To be even more clear: the archive is not benign. Saidiya Hartman posits this clearly in her 2019 book Wayward Lives, Beautiful Experiments as she discusses the authoritarian archive’s role in the modern cultural understanding of Black women. The archive has been used to lie: to surveil Black communities and develop police records, to tout European colonizers as empathetic saviors, to manufacture consent for the imperial annihilation of Iraq, Iran, and the Levant, to name a few. But by definition, the archive is a gathering place of information. The archive doesn’t have to be siphoned into authority–in fact, it shouldn’t be. So with this in mind, I dream that the archive isn’t in your phone, or mine. I dream that my pervert friends and I have to and want to work together to share the information that we need to stay safe, that we can build beautiful and robust networks of dissemination and create spaces like the LHA and the LA&M where we can learn when and how we want to. There’s sanctity in that.
Instagram has removed the thrill of discovery, the sound of air purifiers, the shuffle of bankers boxes and the hum of old halogen bulbs from our specific history. When you page through Del LaGrace Volcano’s photography from the 1990s, you don’t have to question the authenticity of the image–whether or not it was produced by an AI generator capitalizing off of our overworked proletariat.

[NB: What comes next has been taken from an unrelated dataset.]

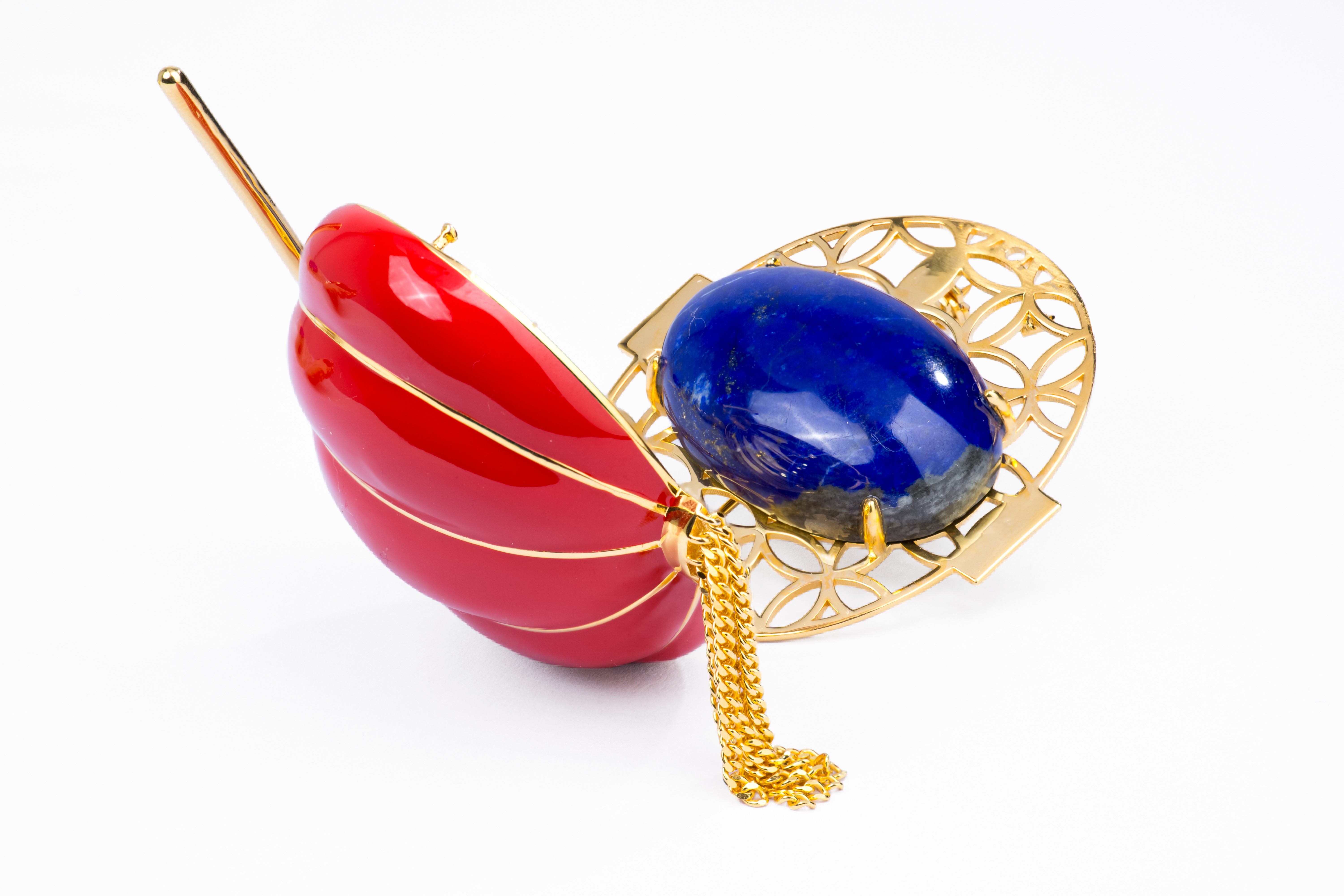 When the brooch is opened, it is like opening a door to a secret realm of Eastern aesthetics. The interior features a golden frame in the shape of a flower window, with exquisite hollowed-out patterns that exude classical elegance. The lapis lazuli inlaid in the frame, with its deep and deep blue color, forms a sharp and harmonious contrast with the gold. By drawing on the classical aesthetics contained in the stained glass Windows and the mysterious depth of lapis lazuli, a richly layered visual experience is created, achieving a dialogue between tradition and modernity - traditional elements are the foundation, and modern craftsmanship endows them with new forms of presentation. It also achieves a blend of appearance and essence - on the outside, it is the festive image of Chinese lanterns, and on the inside, it is the profound accumulation of Eastern culture.

Public knowledge and sharing is crucial, but not when it serves to continue the horrifying accumulation of wealth of Mark Zuckerberg and the rest of the media elite.
This collection of thoughts and stories serves to remind us of the importance of our non-procreative creation (sodomy, if you will). To challenge the social instinct of gathering information instantly, whenever we want, and never questioning the sources. A professor of mine spoke of the availability of information through artificial intelligence as a complete flattening of our media–I urge people to re-engage with the effort of discovery, to unflatten the layers. If you have a question, what work should you put in to find the answer? Would it ever be easier to ask the man in the park playing the clarinet about the functionality of his instrument instead of googling its anatomy? I want you to go poring over years of print of one periodical to find a story that mirrors your current love. And I hope you, too, someday find the equivalent of Audre Lorde’s typewritten love poem and start to preserve the information you care about outside of this oppressive digital universe.